- _Problem to solve_
Give back the full listing verbatim, apart from its images.

- _Data_
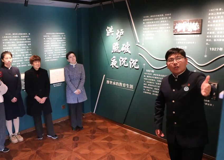 廖有庆女士打卡纪念馆,成为首位参观者。随后,来宾们在小先生宣讲员的带领下有序参观纪念馆,深入了解廖世承先生的教育生平与精神遗产。
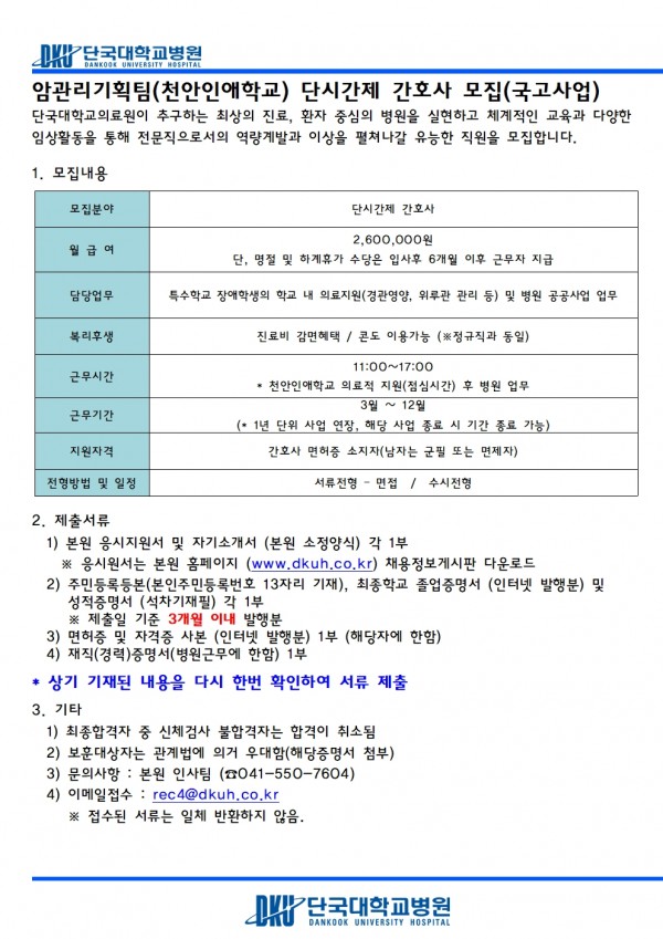 암관리기획팀(천안인애학교) 단시간제 간호사 모집(국고사업)
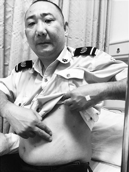 吴先生肚子上的伤痕。

- _Exercise output_
 廖有庆女士打卡纪念馆,成为首位参观者。随后,来宾们在小先生宣讲员的带领下有序参观纪念馆,深入了解廖世承先生的教育生平与精神遗产。
 암관리기획팀(천안인애학교) 단시간제 간호사 모집(국고사업)
 吴先生肚子上的伤痕。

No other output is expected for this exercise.